> [Activity]: Using only the entries below, copy exactly the lines that begin at the one with "趣味运动会8字跳绳合影,比了两次,不容易!" and end at the one with "9,5 x 6,5 x", both included. Drop the pictures.

> [Given entries]:
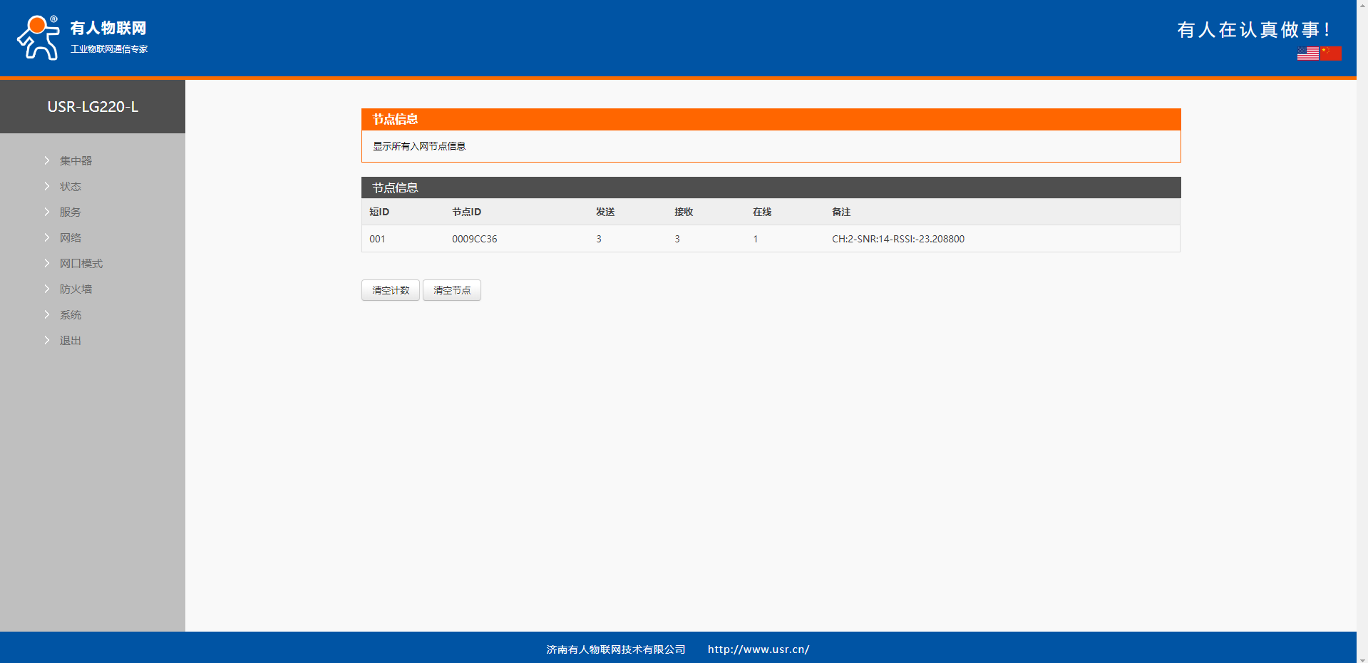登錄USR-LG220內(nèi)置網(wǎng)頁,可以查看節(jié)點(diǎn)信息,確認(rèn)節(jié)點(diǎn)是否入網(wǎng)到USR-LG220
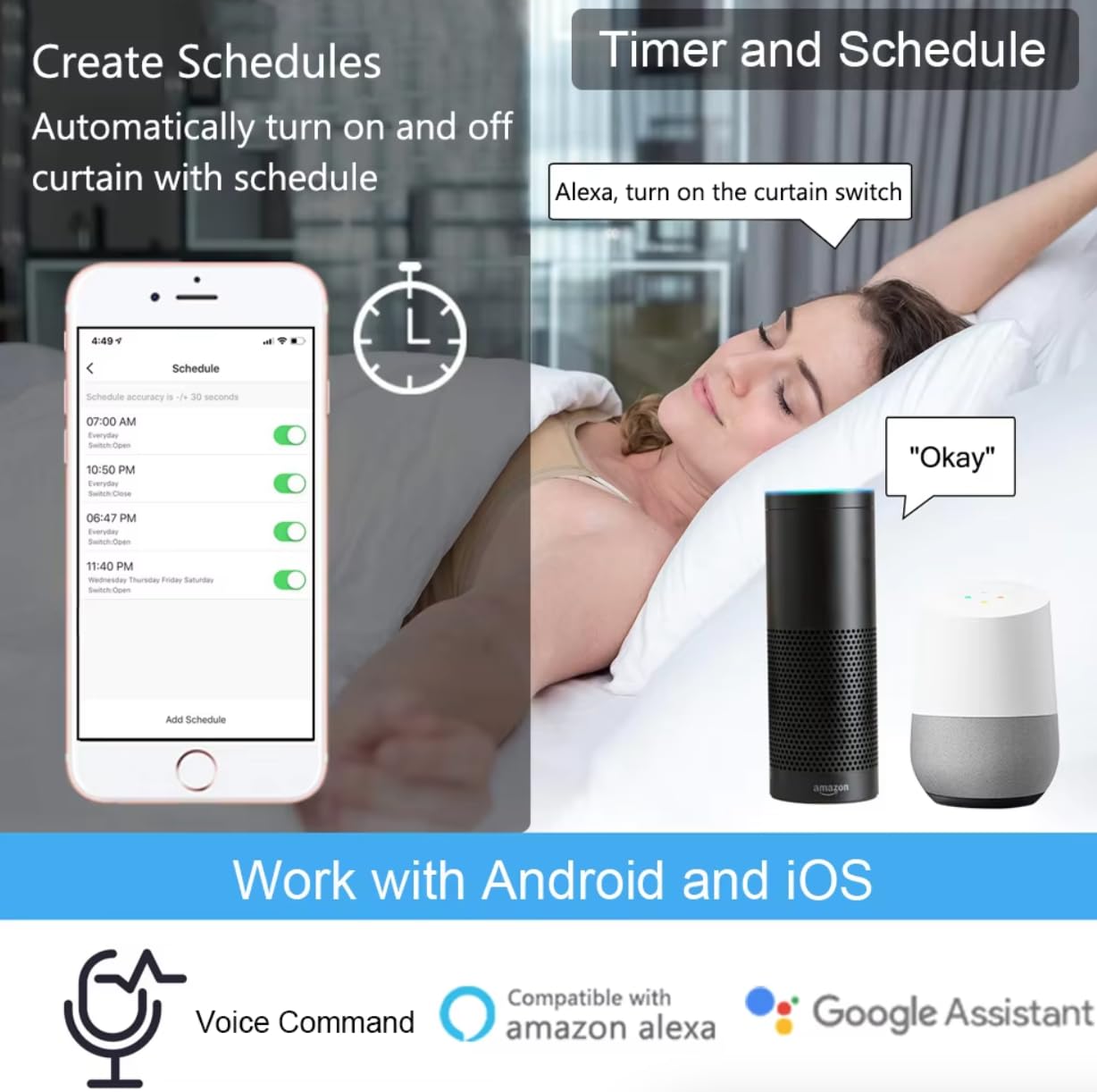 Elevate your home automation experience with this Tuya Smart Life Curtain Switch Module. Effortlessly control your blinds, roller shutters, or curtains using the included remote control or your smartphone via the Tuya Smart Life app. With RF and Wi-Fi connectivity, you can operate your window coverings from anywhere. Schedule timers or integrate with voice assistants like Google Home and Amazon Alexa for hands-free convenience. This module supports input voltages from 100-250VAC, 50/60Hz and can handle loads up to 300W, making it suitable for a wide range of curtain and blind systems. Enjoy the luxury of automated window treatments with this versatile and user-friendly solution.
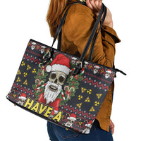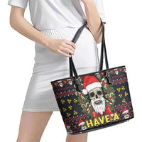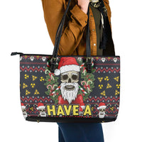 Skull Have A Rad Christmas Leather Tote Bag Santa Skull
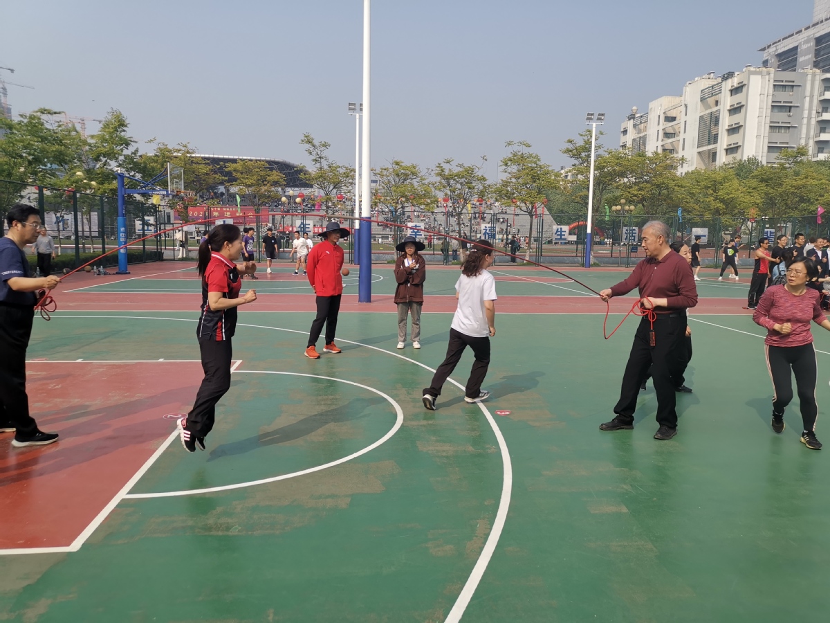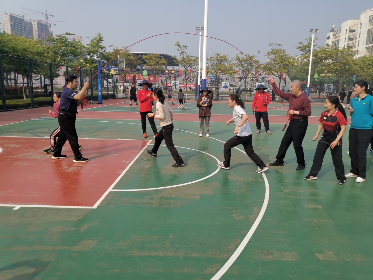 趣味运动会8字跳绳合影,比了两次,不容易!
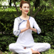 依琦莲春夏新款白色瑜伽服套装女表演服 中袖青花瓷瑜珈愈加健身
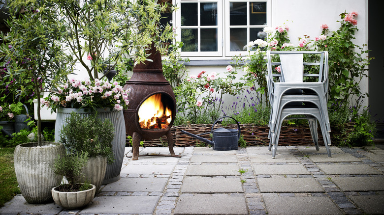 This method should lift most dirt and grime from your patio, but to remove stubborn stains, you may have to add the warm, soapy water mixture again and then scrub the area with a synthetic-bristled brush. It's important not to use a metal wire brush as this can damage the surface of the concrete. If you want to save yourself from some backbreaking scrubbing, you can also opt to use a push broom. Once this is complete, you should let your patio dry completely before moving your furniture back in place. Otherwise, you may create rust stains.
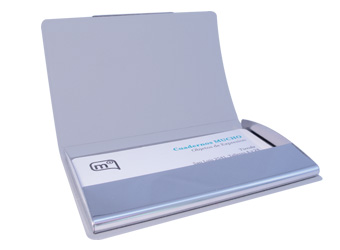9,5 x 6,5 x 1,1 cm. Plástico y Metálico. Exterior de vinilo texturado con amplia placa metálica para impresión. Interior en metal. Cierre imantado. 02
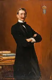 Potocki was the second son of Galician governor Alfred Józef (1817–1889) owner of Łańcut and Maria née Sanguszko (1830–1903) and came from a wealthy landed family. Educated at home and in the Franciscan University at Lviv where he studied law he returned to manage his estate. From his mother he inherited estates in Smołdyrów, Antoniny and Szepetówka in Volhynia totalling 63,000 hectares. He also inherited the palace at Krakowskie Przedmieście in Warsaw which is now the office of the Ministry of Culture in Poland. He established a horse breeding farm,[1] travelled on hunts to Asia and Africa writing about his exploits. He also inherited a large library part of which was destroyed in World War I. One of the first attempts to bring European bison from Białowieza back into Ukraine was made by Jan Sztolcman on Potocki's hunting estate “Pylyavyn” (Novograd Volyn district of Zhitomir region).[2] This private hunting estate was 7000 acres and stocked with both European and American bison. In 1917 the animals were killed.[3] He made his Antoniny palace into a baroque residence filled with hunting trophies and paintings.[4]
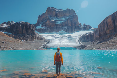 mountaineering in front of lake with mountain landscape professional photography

> [Response to this task]:
 趣味运动会8字跳绳合影,比了两次,不容易!
 依琦莲春夏新款白色瑜伽服套装女表演服 中袖青花瓷瑜珈愈加健身
 This method should lift most dirt and grime from your patio, but to remove stubborn stains, you may have to add the warm, soapy water mixture again and then scrub the area with a synthetic-bristled brush. It's important not to use a metal wire brush as this can damage the surface of the concrete. If you want to save yourself from some backbreaking scrubbing, you can also opt to use a push broom. Once this is complete, you should let your patio dry completely before moving your furniture back in place. Otherwise, you may create rust stains.
9,5 x 6,5 x 1,1 cm. Plástico y Metálico. Exterior de vinilo texturado con amplia placa metálica para impresión. Interior en metal. Cierre imantado. 02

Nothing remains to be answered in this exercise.